No lo decidí yo. Sé que lo discutimos, pero no recuerdo bien. No era algo evidente. Lo propuso Julia y a mí me pareció bien. Justamente, es esa relectura, que ya no es mío el texto, más allá de que le ponga mi obsesión por los detallecitos. Pero hay una transición, más autoficcional si se quiere, pero son decisiones netamente editoriales y celebro que sea así, porque no puedo controlar todo.

Vos también has hecho periodismo puro y duro. ¿De dónde viene tu interés por la crónica, ese formato que mezcla periodismo y ficción?

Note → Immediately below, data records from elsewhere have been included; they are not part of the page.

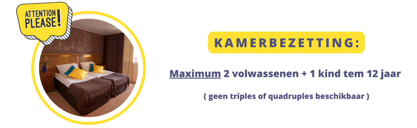 Kinderkorting (tem 12 jaar) : - 180,-€ indien samen met minimaal 2 volwassenen op dezelfde kamer.
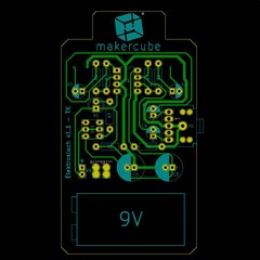 After a prototype built by another member on protoboard, I started development of the actual workshop kit materials, which meant developing a pcb (printed circuit board), creating a bill of materials, help source electronic components, and creating any printed material (instruction sheet). Kits were also sold as stand alone project kits that anyone could assemble provided they had a soldering iron.
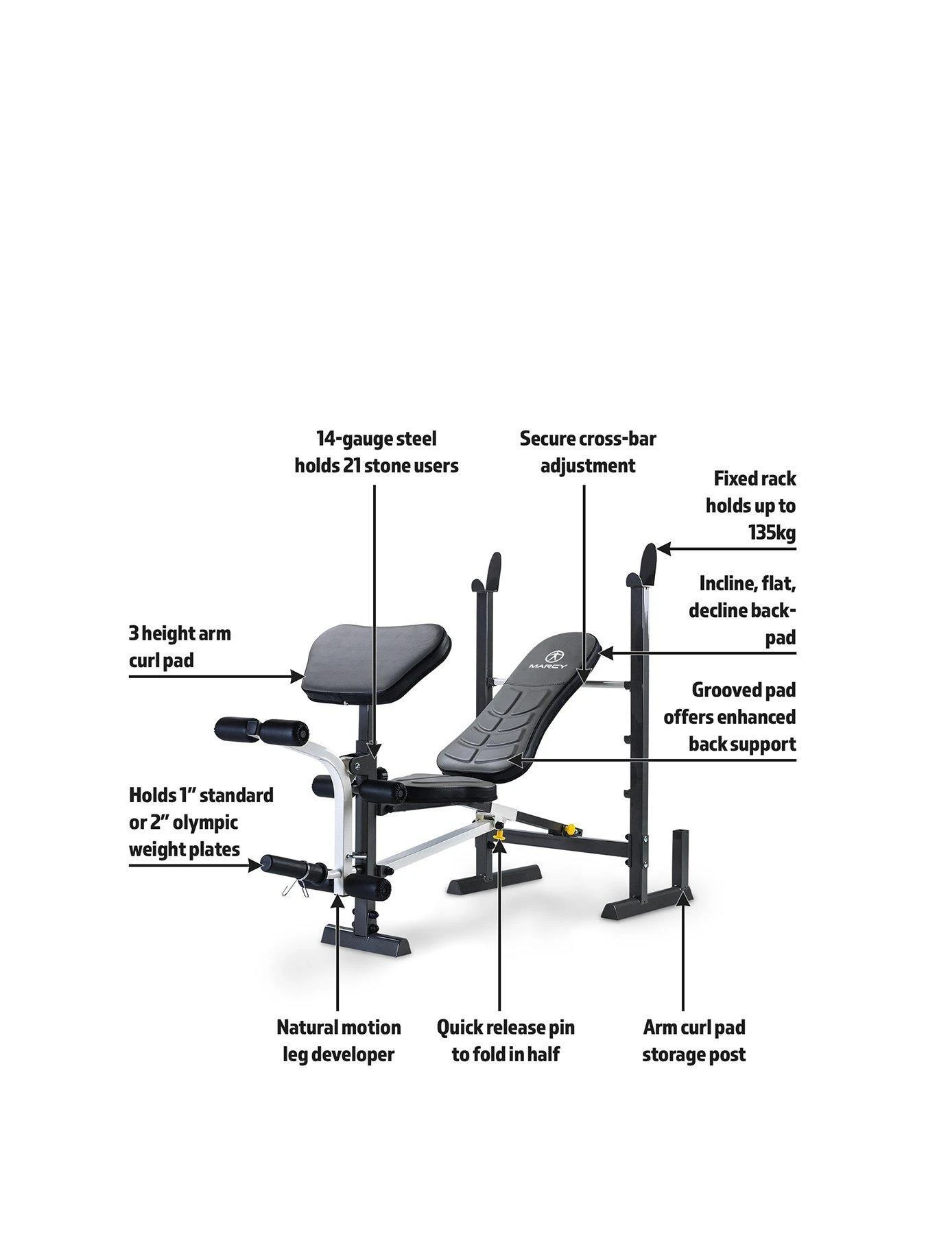 There’s plenty of room to up your weights thanks to a total capacity of 270kg thanks to its 14 gauge thick steel framework that is pre welded for extra integrity.

Descubrí a Clarice por medio de las crónicas y después la empecé a leer como novelista y cuentista. Fue una fascinación de esas de las que cuesta salir; aún hoy tiene un influjo bastante fuerte. Y cuando fui a Brasil empecé a trabajar en otras cosas de traducción, en lectura comparada de Octavio Paz con Haroldo de Campos. Pero fue cuando hablé con mi tutor de doctorado, Walter Costa, y me propuso hacer una antología de crónicas, que es un género que se traduce poco. Yo ya venía escribiendo algunos textos cortos que podrían ser crónicas, e incluso Mayito podría considerarse una reunión de crónicas, y ahí empecé a leer mucha crónica hispanoamericana, y sobre todo crónica brasileña. Empecé a ver la libertad formal de ese género que está en el periódico, que tiene que negociar espacios y plazos, pero que al mismo tiempo deja tanto espacio para la poesía, para una cuestión autoral. En eso, la tradición brasileña es distinta: hoy la crónica en el Río de la Plata es periodismo narrativo, mientras que en Brasil es texto corto. Eso tuvo una influencia en mí, sobre todo darme cuenta de que eso también puede ser escrito, y lo hice para la diaria. Tiene que ver con algunos cronistas uruguayos. Mario Levrero, en las columnas de Posdata, que son una irrupción de lo cotidiano en un medio de prensa. Está esa tensión, y también el no saber quién lo está leyendo, porque no son exactamente los mismos lectores del resto del diario, y permite tener una dosis de literariedad pero a la vez anclarlo en algo del momento, en un hecho. Es un género imposible de definir, como cualquier otro, pero la crónica brasileña marcó mi propia escritura. Es la posibilidad de estar escribiendo al mismo tiempo que están pasando las cosas, pero también desde el lugar del escritor. Hago crónicas también por un poco de militancia, por no quedar circunscrita al espacio de la academia o de un libro cada cinco años. Quién lee, quién no lee: no tengo ni idea, es una caja de Pandora, pero es parte de la fascinación de la prensa.

Cráteres artificiales. Criatura Editora, 2021. El libro se presentará el jueves 23 de junio en la librería Escaramuza.